Keep your feet on the ground, but keep reaching for the stars.
The new Savannah downtown plan, completed as a community-led effort and recently adopted by City Council, uses a similar mindset. Today’s situation is much more nuanced and challenging than 1733, so by nature the specific answers are complex. It’s also necessarily couched in the terminology of the moment. Boiled down to its core, however, it sounds familiar: it’s a series of aspirational notions of what the place can evolve towards, combined with a series of practical steps towards implementation. Those steps are a combination of many small actions and a few very big ones. It has a series of five key goals, some of which sound familiar to many plans:
1. Connect people and neighborhoods with the street grid
2. Expand public space and make it a cornerstone of city life
3. Focus on active transportation
4. Prioritize quality of life over commuting time
5. “Legalize” Savannah by enabling the original incremental, built pattern to be built again by-right.
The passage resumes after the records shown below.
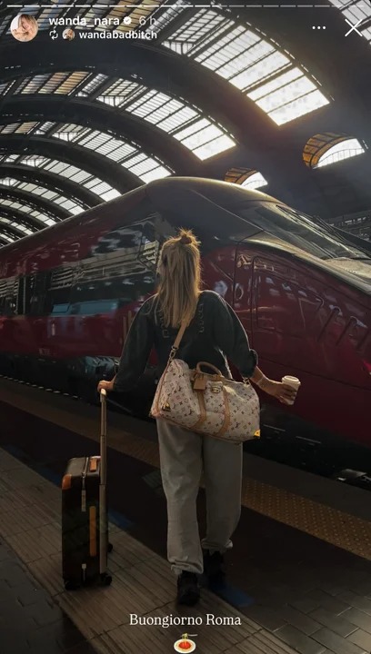 Wanda compartió en sus redes sociales fotos de su llegada a Roma en tren y de su presencia en la Rai, la señal donde se graba el reality.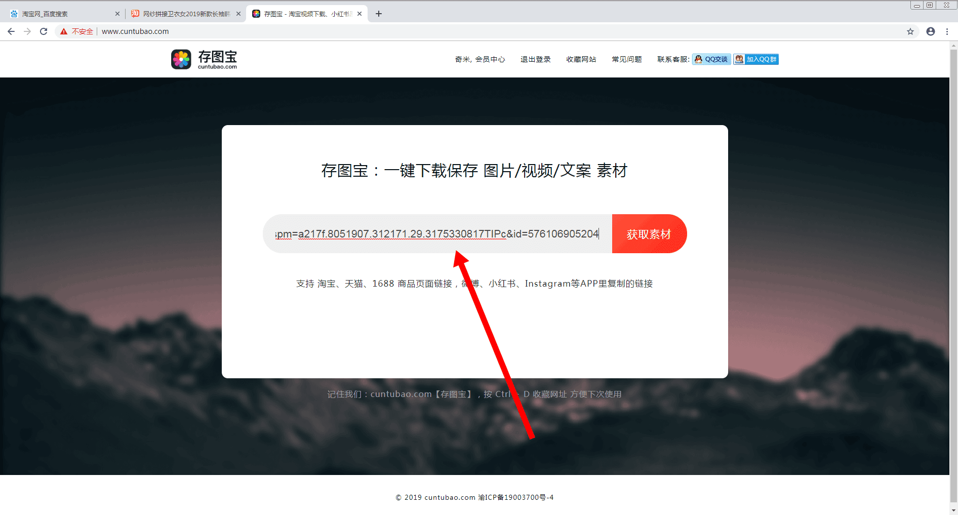 将复制的淘宝链接粘贴到输入框中,如下图所示: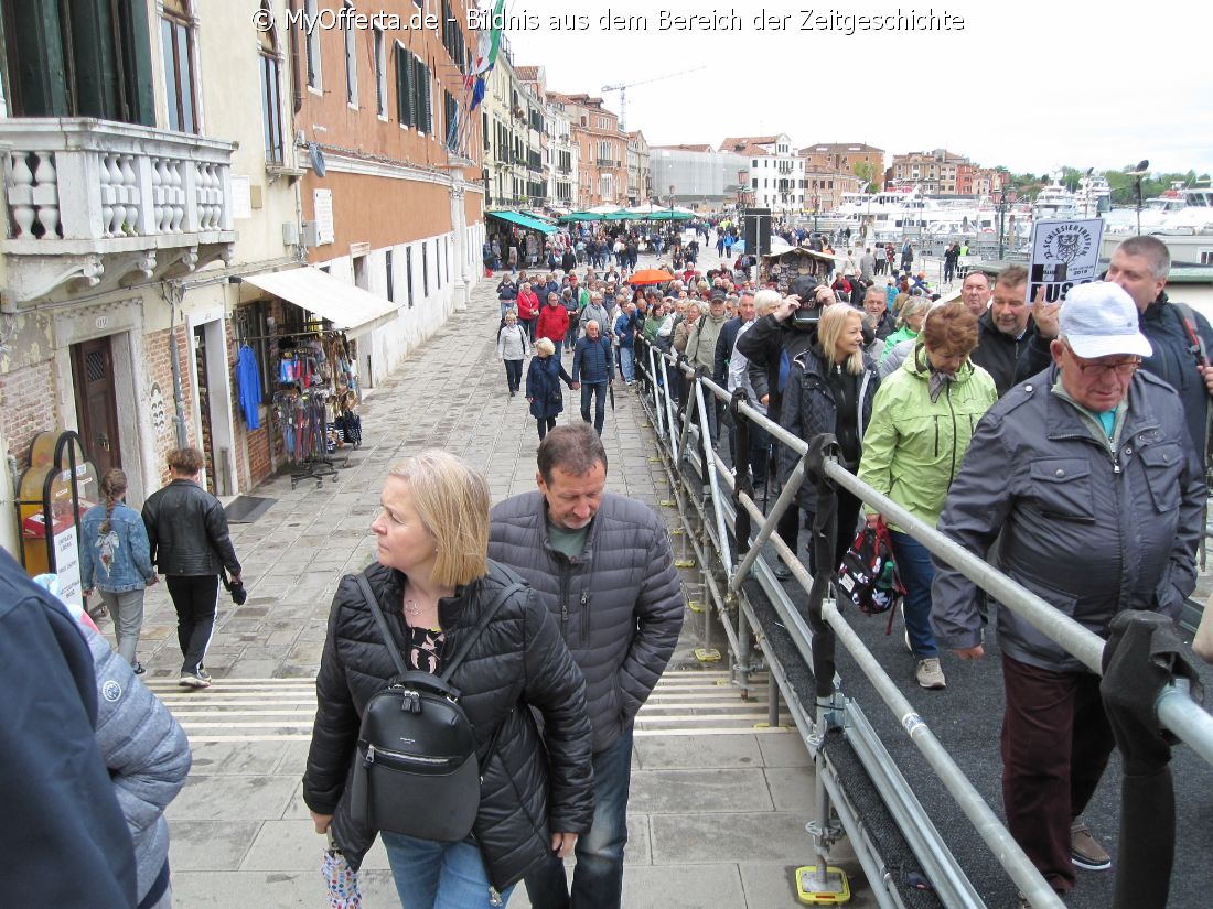 Punta Sabbioni ist ein wichtiger Faehrhafen fuer die Wasserbusse von Venedig. Der Hafen liegt auf dem Festland auf einer Halbinsel. Er wird vor allem von Touristen genutzt, die in oder um den Badeort Lido di Jesolo oder Cavallino ihren Urlaub verbringen und eines Tagesausflug nach Venedig machen. Sogenannte Wasserbusse oder Vaporetti (Personenfaehren) bringen in der Saison taeglich viele tausend Touristen von Punta Sabbioni in etwa 30 Minuten direkt ins Zentrum der Altstadt von Venedig nahe dem Markusplatz. Die zwei wichtigsten Gebaeude am Platz sind der Dogenpalast und der Markusdom. Ein weiteres wichtiges Bauwerk ist der Markusturm, das Wahrzeichen von Venedig. Die beruehmte Wasserstrasse von Venedig Canale Grande muendet unweit des Platzes Piazza San Marco ins Meer. Beruehmt ist der Platz heute auch fuer luxurioese Restaurants und Cafes, Tauben und Hochwasser. Foto: Dipl.-Ing. Marek Walczak, alle Rechte vorbehalten! |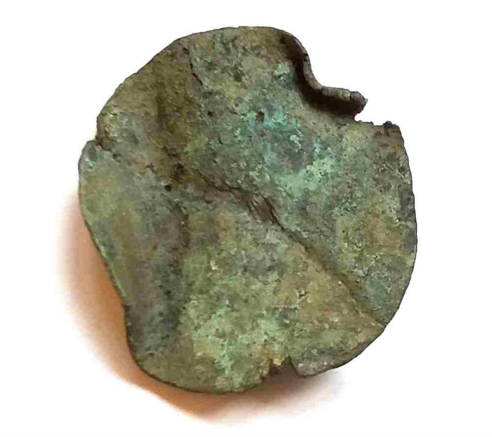 Si la photo ne me trompe pas, j’aperçois trois arrachements situés exactement à la mème distance ce qui m'amène à penser à un plateau de balance ;les trois points servants à suspendre la plaque .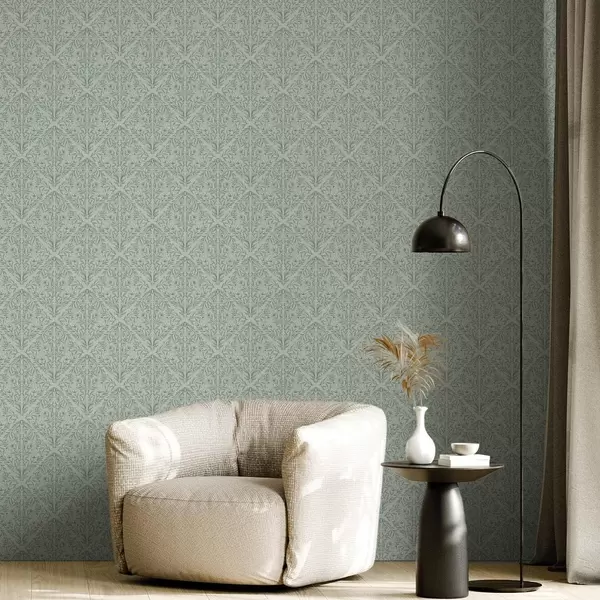 Papel tapiz Lacy dispara sobre un fondo verde pastel, con una suave profundidad. Nr. a00815v3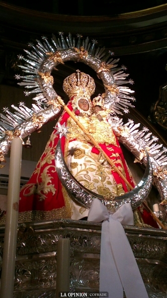La imagen iba ataviada con un manto de terciopelo rojo y bordado en oro fino en estilo barroco con elementos vegetales y flores salpicadas, donado en 1961, y una saya recientemente restaurada bordada en oro fino.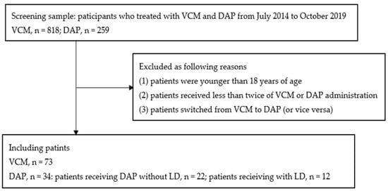 Flow diagram of study participants. DAP, daptomycin; LD, loading dose; VCM, vancomycin.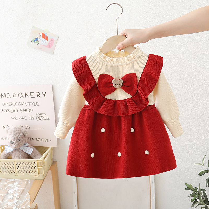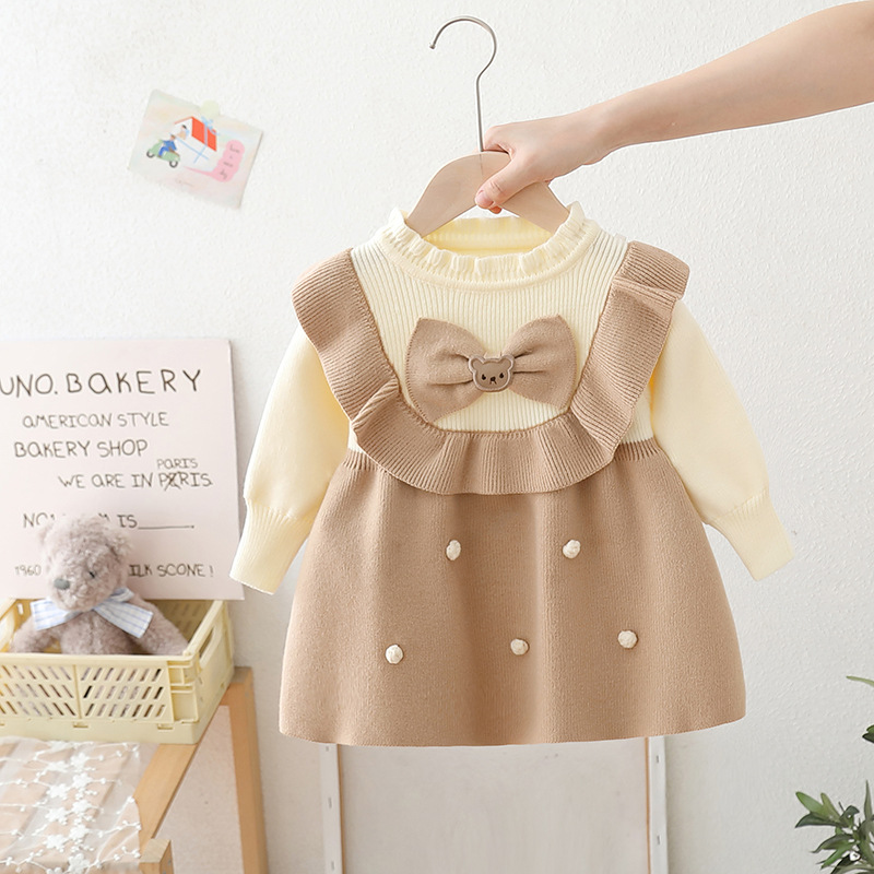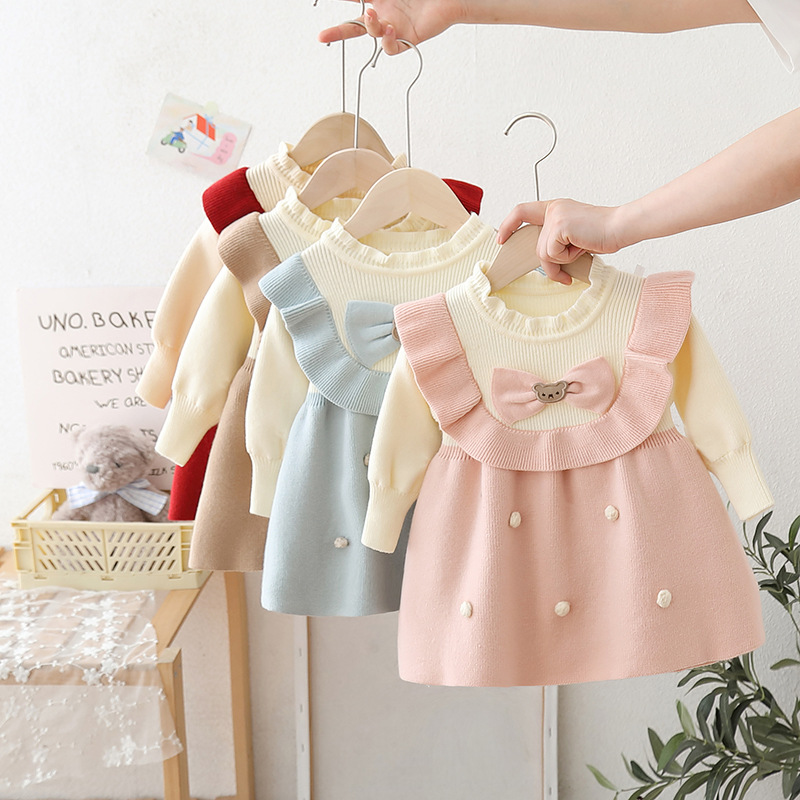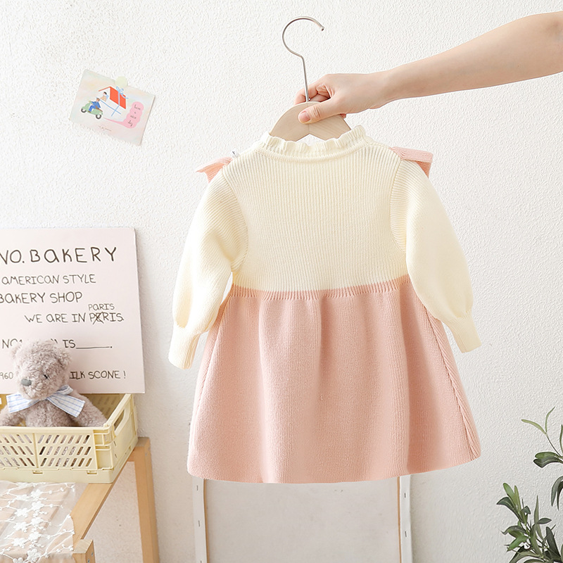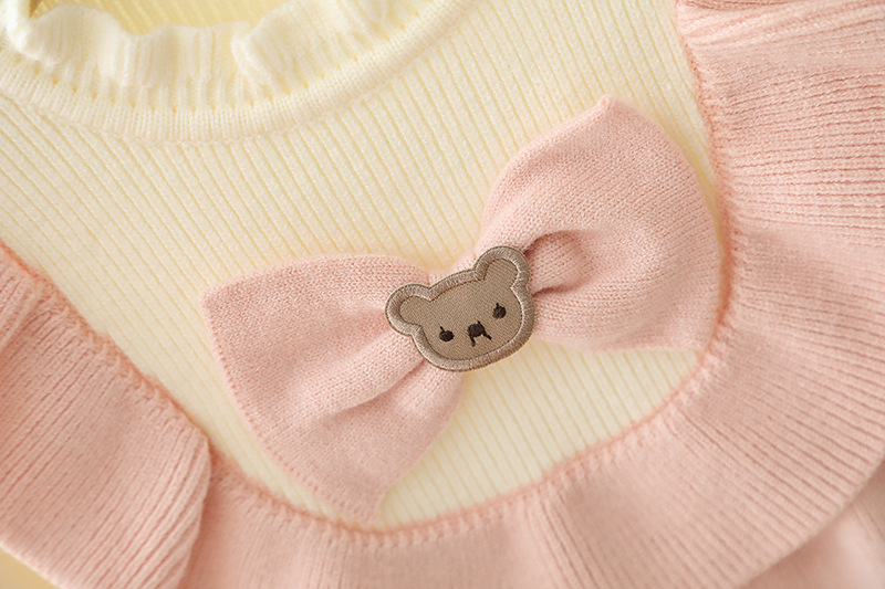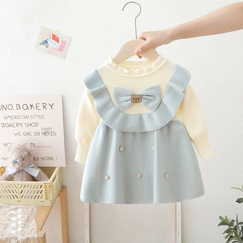 2024 년 새로운 한국 어린이 스웨터 가을과 겨울 소녀 나무 귀 만화 공주 치마 니트 조수스토어 가기

So what makes this unique or strong? I’d suggest it’s that element of both-and, instead of either-or. It’s fundamental in nearly every community I’ve been to that doing the little things, the incremental change, is far too difficult and expensive. Master plans need to not just understand this, but figure out how to truly enable it. This should be job one. But we also have some big efforts to undertake, too. Unwinding some of the destructive ideas of the 20th century by nature requires some big money and some big change. Let’s harness this to the productive advantage of our communities.
Let’s also not minimize that people need to have an idea of what their individual, small efforts could add up to over time. That’s a very human reality. The idea of the beautiful rendering isn’t to say a street or block or place will look like this; rather, it’s to say this is the direction we are headed in together. This is what is possible, if we motivate our many small actions and a few big ones.
I’d suggest a few key mindsets when thinking about what a “strong” master plan could be:
1. Use time-tested principles for city-building & design
2. Understand and do the math
3. Enable lots and lots of small, incremental change by many hands
4. Find some opportunities for big, aspirational change
5. Identify a series of first steps to test that are inexpensive
6. Most importantly: don’t take years to complete a plan, since this just wears people out and builds cynicism. Radically shorten the process, especially by using the NCI charrette model.
Many, many more of our “solutions” to today’s problems do need to be found by enabling bottom-up creativity and action. We unwittingly stifle far too much creative and productive activity with a dizzying maze of bureaucracy and regulation, even though much of it is well-intentioned. But it’s also true that some problems simply require top-down, coordinated solutions. Some issues are so complicated or expensive that there isn’t an incremental step forward. We need to find room for those solutions, too.